McCaskill, Chairman of the Subcommittee on Financial & Contracting Oversight, also grilled witnesses on how the agency allows private companies to provide services for the federal government for payment, apparently acting as a pass-through to avoid the scrutiny and rules that apply to formal federal contracts. These services are also already available to federal agencies through individual contracts or the General Services Administration. 

“NTIS has been trying to profit by selling documents that have little, if anything to do with scientific or technical information, like the Armed Forces Recipe Book and even my colleague Dr. Coburn’s Wastebook, which actually includes NTIS as a prime example of wasteful government,” McCaskill said at the hearing. “Both of these documents are, of course, available for free online and easy to find with a quick search. The questions these examples raise, of course, are why anyone would buy publications from NTIS when they are available for free elsewhere on the Internet?” 

Click HERE for photos of today’s hearing. 

While NTIS remains the only permanent repository for scientific and technical reports, its library services have largely been made obsolete by the Internet.
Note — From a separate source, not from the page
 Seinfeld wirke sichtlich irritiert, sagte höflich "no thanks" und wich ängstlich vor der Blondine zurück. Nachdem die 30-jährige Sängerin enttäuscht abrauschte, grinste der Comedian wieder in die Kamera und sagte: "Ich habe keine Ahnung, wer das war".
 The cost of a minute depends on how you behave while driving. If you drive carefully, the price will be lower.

Approximately 74 percent of the reports NTIS archived between 1990 and 2011 were readily available from other websites and 95 percent of those were available free of charge. 

McCaskill recently joined Republican Senator Tom Coburn of Oklahoma—who also participated in today’s hearing—to introduce the Let Me Google That For You Act, a bipartisan, bicameral bill to eliminate NTIS. With a money-losing profit model, NTIS has been selling other services to government agencies, all of which are offered by other federal agencies for lower fees. 
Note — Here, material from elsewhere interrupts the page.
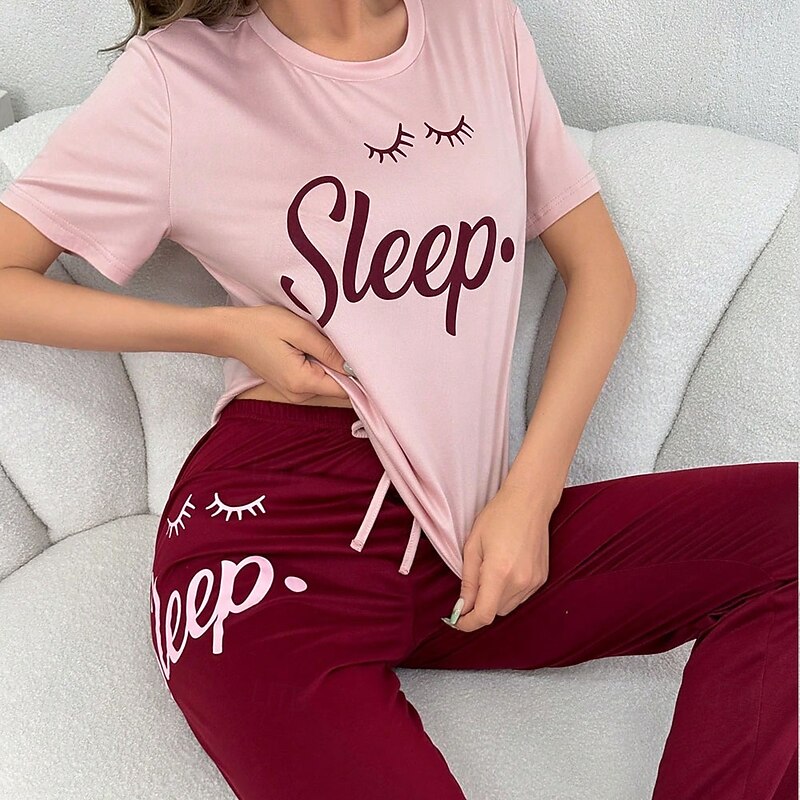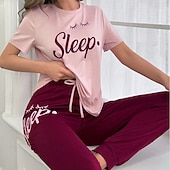 More information about Women's Pajamas Loungewear Pajama Set Simple Casual Comfort Print Letter Tie Knot Pullover Pant Home Daily Short Sleeve Crew Neck Black Pink Blue Rose Red Summer Spring Fall Loose Fit

McCaskill continued: “There are important questions to discuss about the NTIS and its future. But they represent even more important questions about our government. Can we as a Congress come together and cut bureaucracy where it is obsolete and duplicative? I’m hopeful, because Dr. Coburn and I have come together to cosponsor bipartisan legislation, the Let Me Google That For You Act that would begin to address some of these problems at NTIS.” 

The Homeland Security and Government Affairs Committee also recently approved a bipartisan McCaskill-backed bill to eliminate unnecessary reports compiled by federal government agencies. In December 2012, the Office of Management and Budget published a list of 376 Congressionally mandated reports identified as outdated, duplicative, or serving little use.